═══ LISTED ENTRIES
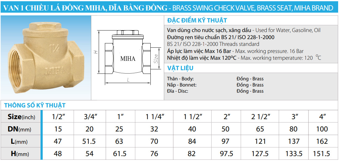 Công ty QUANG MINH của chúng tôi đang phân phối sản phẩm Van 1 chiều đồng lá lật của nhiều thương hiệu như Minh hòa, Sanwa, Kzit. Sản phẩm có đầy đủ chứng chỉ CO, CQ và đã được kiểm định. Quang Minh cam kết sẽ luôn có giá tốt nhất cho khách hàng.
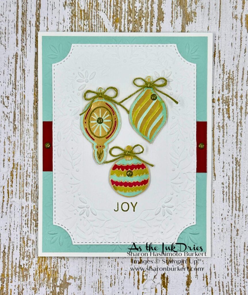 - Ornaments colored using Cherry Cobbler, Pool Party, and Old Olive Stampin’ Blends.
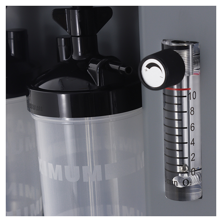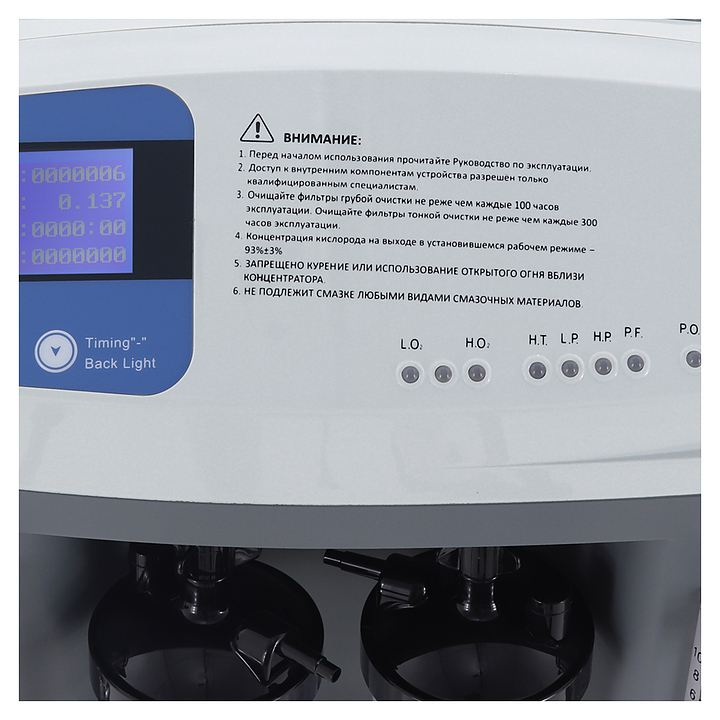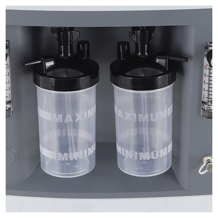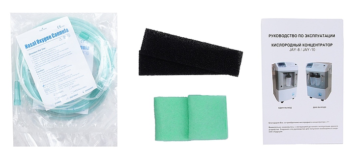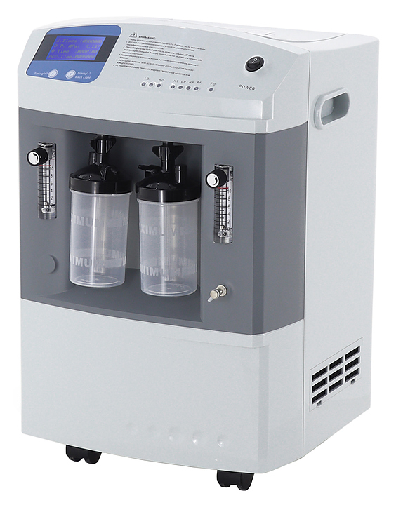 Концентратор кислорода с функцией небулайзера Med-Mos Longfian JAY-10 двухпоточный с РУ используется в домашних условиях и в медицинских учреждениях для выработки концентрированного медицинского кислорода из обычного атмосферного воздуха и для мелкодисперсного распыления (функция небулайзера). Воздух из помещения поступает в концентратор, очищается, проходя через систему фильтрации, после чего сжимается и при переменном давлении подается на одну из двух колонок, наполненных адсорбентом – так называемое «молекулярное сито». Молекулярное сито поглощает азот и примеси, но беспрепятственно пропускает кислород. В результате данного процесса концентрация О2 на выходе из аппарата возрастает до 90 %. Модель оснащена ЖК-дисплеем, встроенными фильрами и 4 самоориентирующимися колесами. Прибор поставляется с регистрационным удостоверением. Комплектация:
══════
═══ LISTED ENTRIES
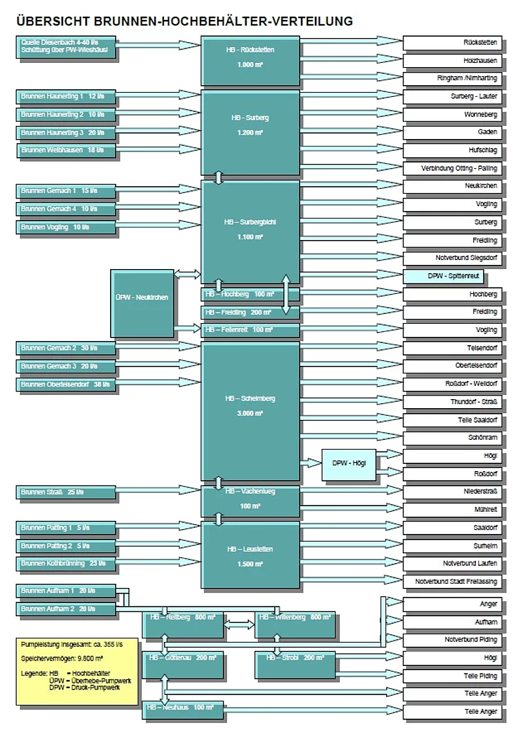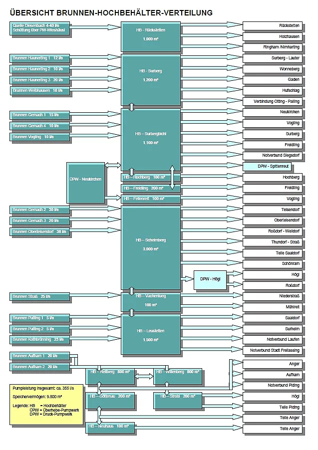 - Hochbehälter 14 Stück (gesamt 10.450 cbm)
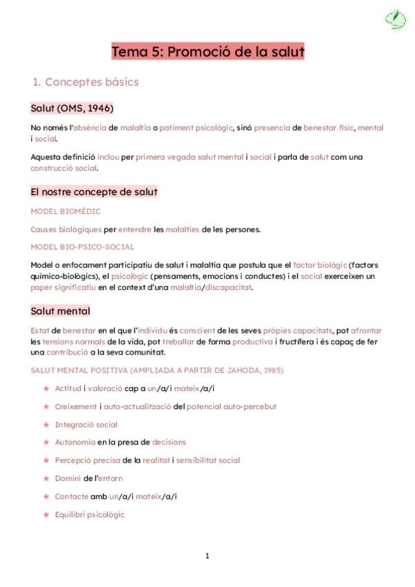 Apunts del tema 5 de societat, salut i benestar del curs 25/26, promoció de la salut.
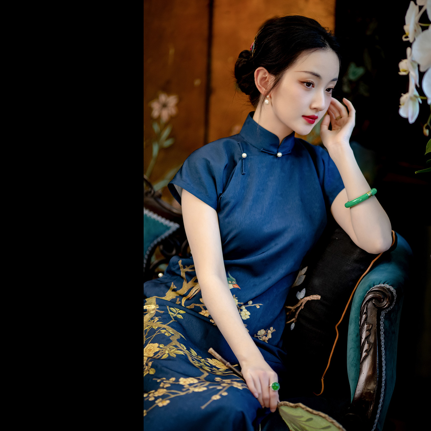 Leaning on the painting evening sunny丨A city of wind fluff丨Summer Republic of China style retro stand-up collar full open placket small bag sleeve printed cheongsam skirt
══════
═══ LISTED ENTRIES
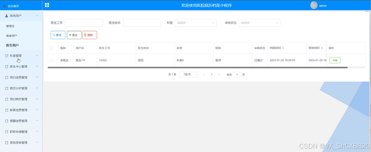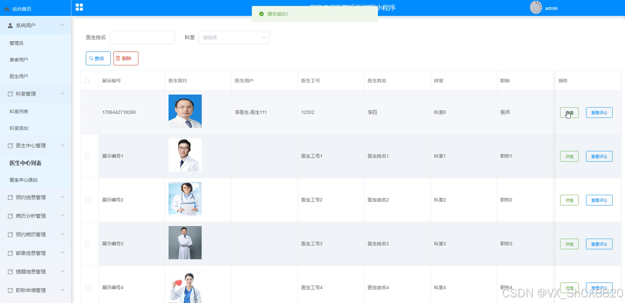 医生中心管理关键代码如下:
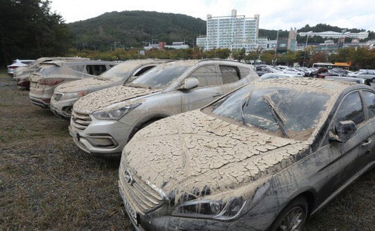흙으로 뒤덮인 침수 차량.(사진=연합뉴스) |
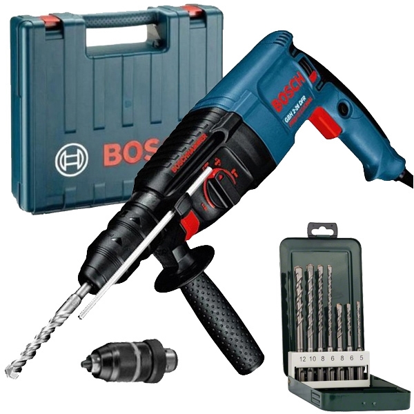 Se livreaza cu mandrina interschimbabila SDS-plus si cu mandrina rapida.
══════
Give back exactly the lines above that run from the one with "Công ty QUANG" to the one with "- Ornaments colored", including both, with the pictures left out.

 Công ty QUANG MINH của chúng tôi đang phân phối sản phẩm Van 1 chiều đồng lá lật của nhiều thương hiệu như Minh hòa, Sanwa, Kzit. Sản phẩm có đầy đủ chứng chỉ CO, CQ và đã được kiểm định. Quang Minh cam kết sẽ luôn có giá tốt nhất cho khách hàng.
 - Ornaments colored using Cherry Cobbler, Pool Party, and Old Olive Stampin’ Blends.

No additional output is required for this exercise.